Nov
08

What is Sales Enablement?

Sales Enablement shows a change in the state of mind of B2B sales. As B2B sales are becoming more complex and competitive, it is necessary to implement methods, tools and processes to improve the efficiency of your sales and marketing teams.

 

Sales Enablement is precisely that: the implementation of methods and strategies aiming to continuously improve your sales efficiency.

 

In practical terms, this means:

  • Training sales teams
  • Equipping sales people with the right tools
  • Coaching
  • Assessing individual and collective performances
  • Optimising sales organisation
  • Recruiting the right talent — and keeping it.

 

According to Aberdeen, Sales Enablement can significantly improve sales performances.

A few years ago, Sales Enablement was still the prerogative of large companies, but more and more SMEs are now starting to put it in place:

Source blog hubspot

 

How do you put in place a Sales Enablement policy?

Sales Enablement follows a conventional approach: take an audit of the situation, put in place the corrective measures that will have the greatest impact in the short and medium term, analyse them, and then implement a process of continuous improvement.

Stage 1 – Take an audit of sales activity in the broadest sense

Before putting actions in place, we have to begin by analysing the situation and knowing in which areas we can make gains in efficiency, so as to then define the primary goals.

It is also important for the Sales Enablement efforts to be in tune with the company’s global strategy (for example, to prospect more, to sell new products, or to develop new markets).

Before even undertaking such an audit, we should clarify the company’s global strategy as well as its short- and medium-term priorities, so as to guide the sales audit.

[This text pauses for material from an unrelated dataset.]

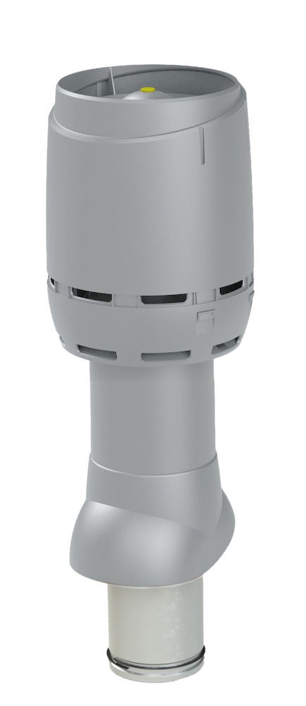 Вентиляционный выход  Vilpe Flow 125/ИЗ/700 изолированный (утепленный) вентиляционный выход внутренним диаметром 125 мм. Применяется для вывода через скатную кровлю естественной вентиляции помещений, вентиляции с использованием канального вентилятора, кухонной вытяжки. Внутренняя труба изготовлена из оцинкованной стали. Длина внутренней трубы позволяет вставить ее в подводимый воздуховод на длину 300 мм. Это облегчает вертикальный монтаж в тесных чердачных помещениях и делает конструкцию более прочной. Нижний край внутренней трубы имеет резиновый уплотнитель, герметизирующий соединение трубы и воздуховода.  Вентиляционный выход укомплектован новым улучшенным колпаком Flow, который обеспечивает на до 40% меньше потери давления в системе, лучшую защиту от атмосферных осадков, строго вертикальный поток выходящего воздуха (при использовании с кухонной вытяжкой уменьшается вероятность попадания капель масла на кровельный материал), современный дизайн.  Проходной элемент продается отдельно и подбирается по типу кровельного материала.

This audit must analyse the sales strategy but also its operational implementation.

In fact, in many companies, there is a big difference between what management thinks and what actually happens in the field…

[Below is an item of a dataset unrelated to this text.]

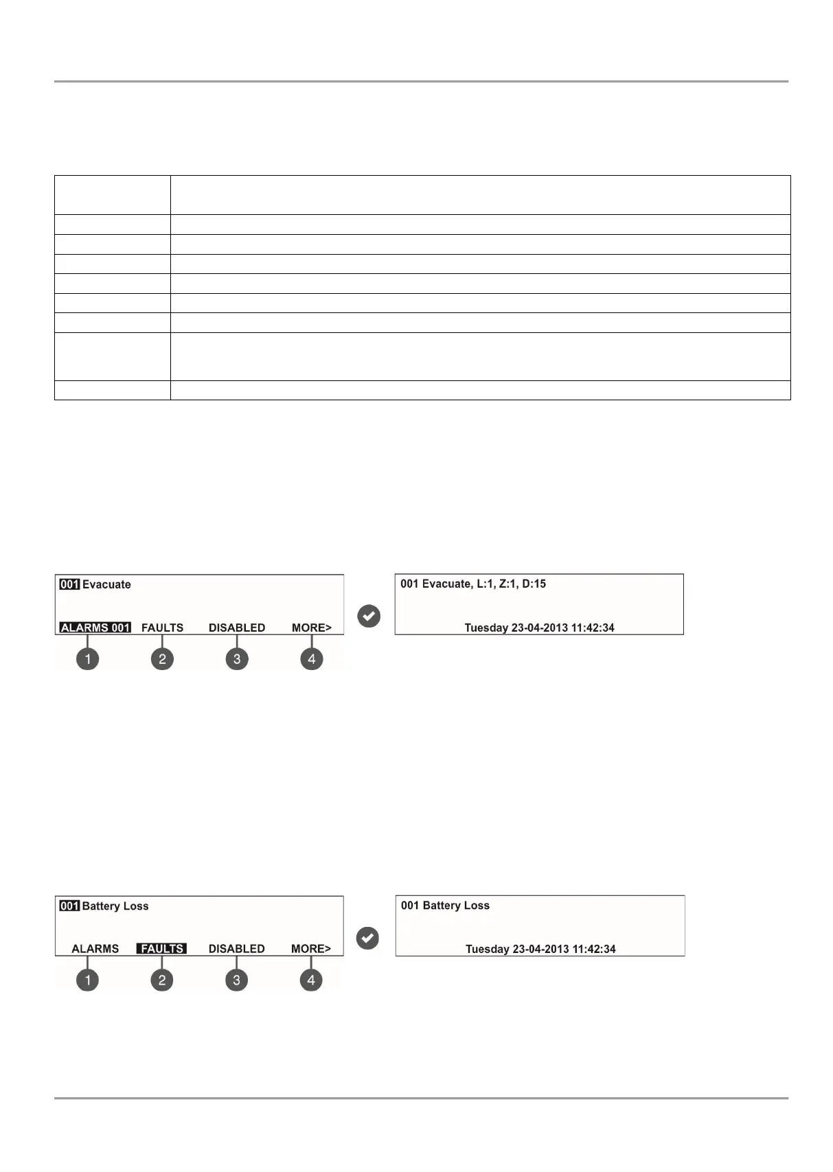 On the screen is displayed information for the loop number and the address of the activated device reported the alarm

The audit must therefore answer all or part of these questions:

Sales Strategy Audit:

  • What is hindering business? And what forces are driving it?
  • Who are the best clients, in terms of sales figures and, if possible, in terms of margins?
  • How are leads managed, from generation through to signature?
  • What is the client journey? Is the discourse coherent and flowing?
  • What are the sticking points in the sales cycle?
  • What are the most common reasons for losing a deal?
  • What tools are the sales people using at the moment (CRM, demonstration material, etc.), and how satisfied are they with them?
  • What are the strengths and weaknesses of the company’s range of products and services (functions, prices, sales policy, financing, etc.)?
  • What marketing and sales assistance tools are used? Are they current? What would be missing as a priority?
  • Who outperforms and who underperforms? Why?
  • Are new sales techniques being used (social selling, for example)?
  • How are “cold” and “lukewarm” leads followed up? How are leads handled when they don’t have a project coming up within the next 6 months?
  • How does the sales department work with the marketing department? What shared meetings are there? What level of interaction is there?
  • What strategies/automatic reflexes are in place for triggering the client’s second order, the sale of accessories, upgrades, the sale of complementary products, etc.?
  • Are your sales people convinced that they have the best product (at least for a specific target in the market)?
  • When you agree to something for a client (for example, a discount or a bonus), do your sales people obtain something in return?
  • How do you personalise messages and communication with leads? How much time is devoted to the preparation of a phone call to a lead? How do you make your lead feel like a star/important?
  • What is your policy in terms of retaining clients or reducing the churn rate? Do you know when a client leaves you and why?
  • Is there a ‘Win Back’ strategy for the clients who have left you?
  • What do the sales people do to ensure clients have confidence in your sales team? Because in B2B, we buy above all from a person, rather than from a company….
  • How do you make a lead with a requirement really want to order your product? How do make them feel they have to “urgently” place an order?
  • What are the closing tools/methods/offers that enable you to encourage a lead to sign immediately rather than wait?
  • Do the sales people know how to describe your ideal client?

 

Sales organisation:

  • How many clients are there in the sales people’s portfolios? Is this distribution harmonious?
  • How many of your sales people are “hunters” and how many are “farmers”? Is this in tune with company strategy?
  • Have you defined personalised individual goals (in terms of quality and quantity)?
  • Are your sales forecasts reliable?
  • How do your sales people manage their time?
  • Do the sales people lose time on tasks that are not related to sales (for example, managing emails, and writing up expenses)?
  • Which processes are currently manual/automatic in the sales process (for example, marketing automation, or upselling/cross selling).
  • What training (product, sales, etc.) is given to the sales people?
  • How does the sales team communicate (for example, by email, chat, CRM or intranet)?
  • What communication tools are available to the sales people (chat, smartphone, etc.)?
  • Who are the main competitors and what are the tools / arguments to fight them?
  • How are the sales people managed? (When was the last sales challenge? When were the latest public congratulations or celebration?)
  • How is the sales process managed (qualification form, etc.)?
  • Where are all the contacts (clients, leads, etc.) stored and how are exchanges archived?
  • What are the lead times between the detection of a lead and them being contacted by a sales person?
  • How much autonomy does the sales person have in terms of achieving goals, implementing sales actions, etc.?
  • How do you differentiate a hot lead from a cold one? How many presentations and appointments are completed with leads that ultimately do not have a short-term requirement?

 

Based on this audit, you will be able to choose 3 priority improvement areas to implement in the short term.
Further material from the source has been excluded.